▶ [The problem]
Beginning with the line that holds "これだけ雨が降った中で6時間", copy every remaining line of the listing below exactly, and leave the pictures out.
━━━━━━━━━━━━━━━━━━━━
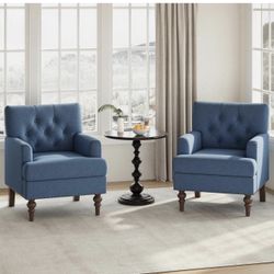 New Set Of 2 Accent Chair with Thick Cushion, High Back Reading Chair, Linen Blend Armchair with Solid Rubberwood Legs for Living Room, Bedroom, Re$325Mckinney, TX
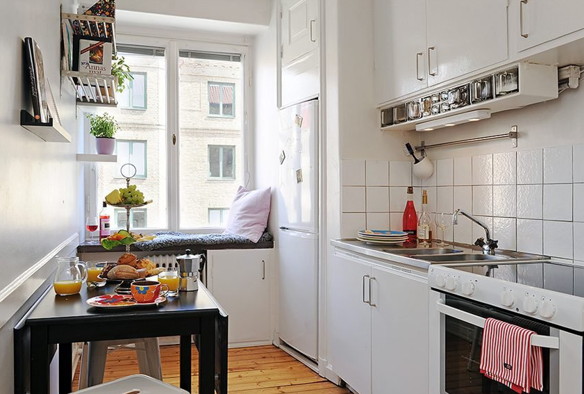 При этом важно комфортно разместить поблизости друг от друга три основные зоны: хранения, готовки и обеденной группы. Хотя на небольшой кухне как раз это и не станет большой проблемой.
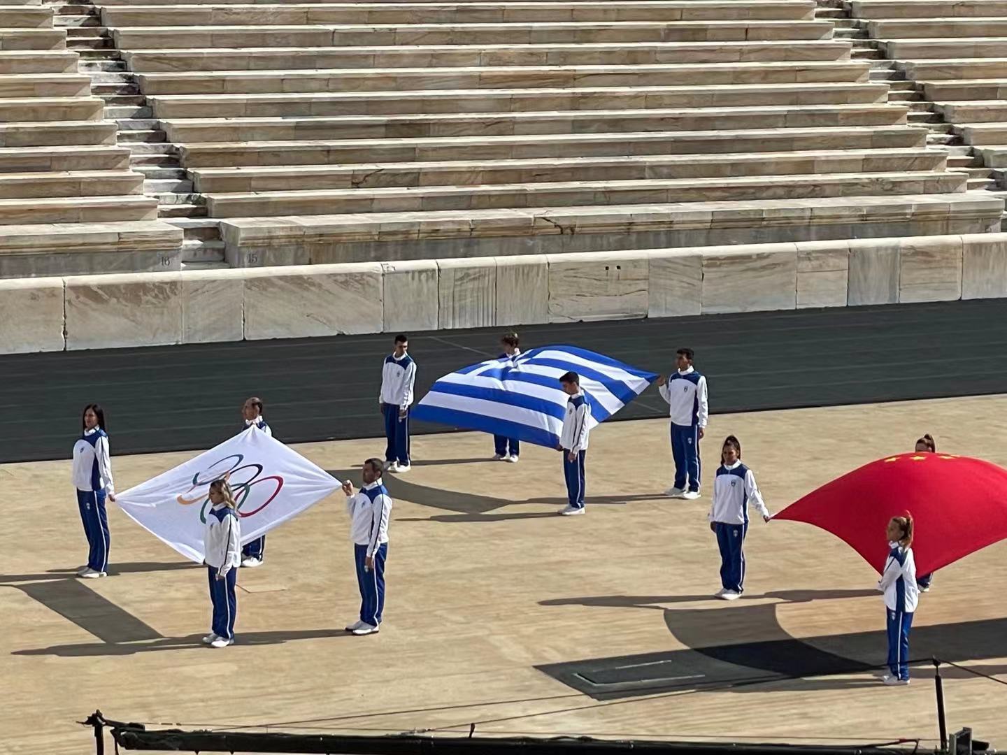 △北京冬奥会火种交接仪式在希腊雅典大理石体育场举行
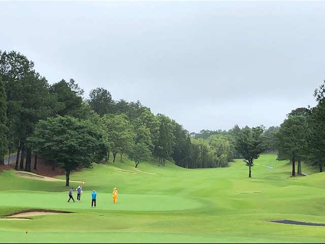 これだけ雨が降った中で6時間以上ゴルフをしていると雨も楽しい感じである。しかし、六国のグリーンは全くこの雨でも平気である。
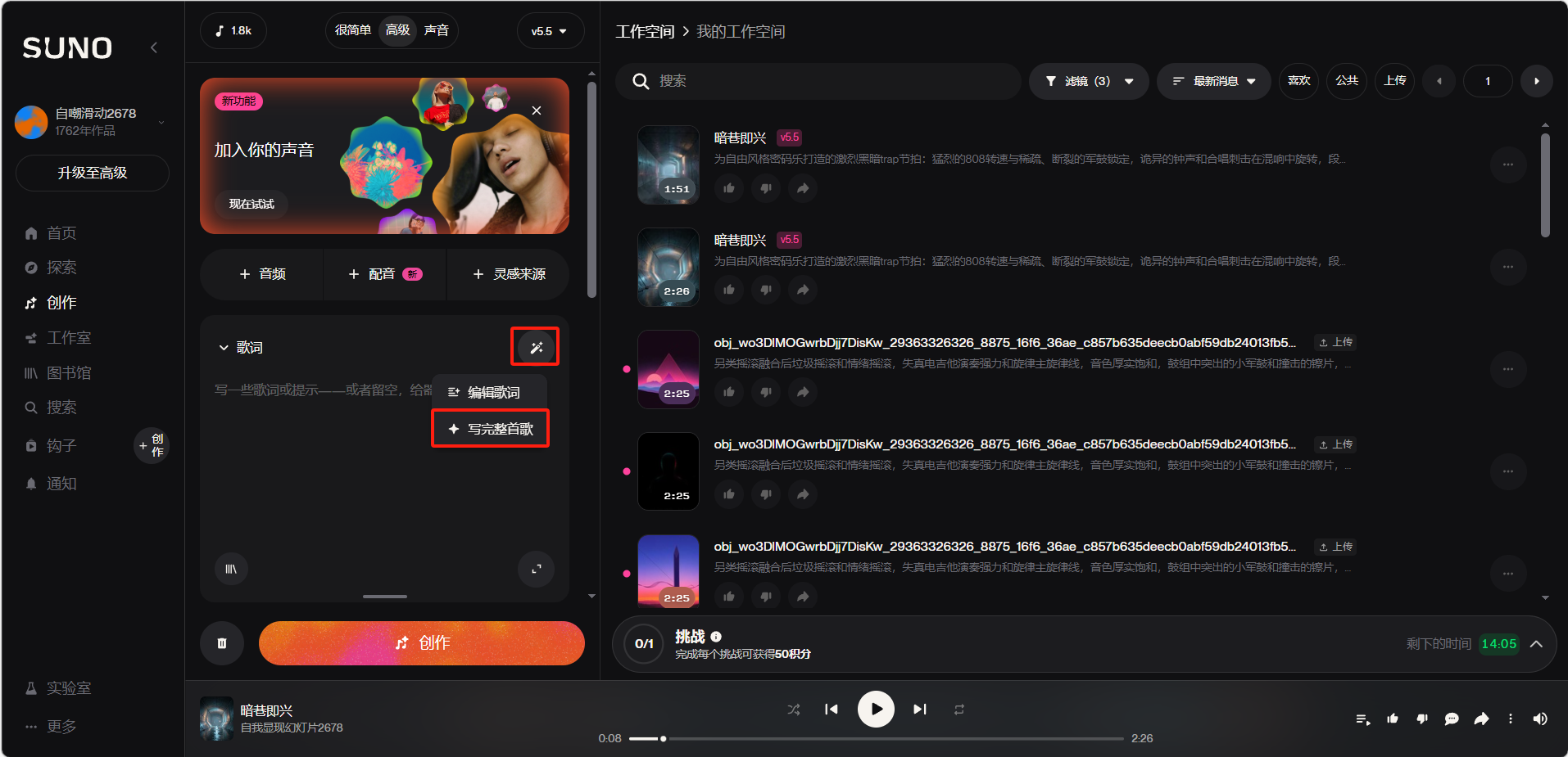 在歌词面板中点击魔法棒图标,选择「写完整首歌」。
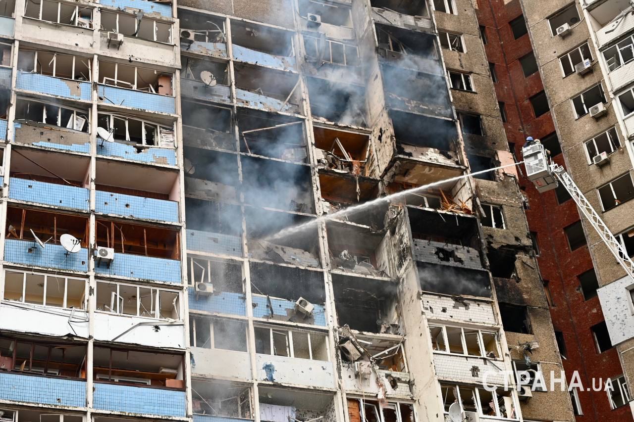 Кадры многоэтажного дома в Голосеевском районе Киева со стороны прилета. Было разрушено несколько балконных перекрытий. Повреждено минимум семь этажей.
━━━━━━━━━━━━━━━━━━━━
▶ [Worked solution]
 これだけ雨が降った中で6時間以上ゴルフをしていると雨も楽しい感じである。しかし、六国のグリーンは全くこの雨でも平気である。
 在歌词面板中点击魔法棒图标,选择「写完整首歌」。
 Кадры многоэтажного дома в Голосеевском районе Киева со стороны прилета. Было разрушено несколько балконных перекрытий. Повреждено минимум семь этажей.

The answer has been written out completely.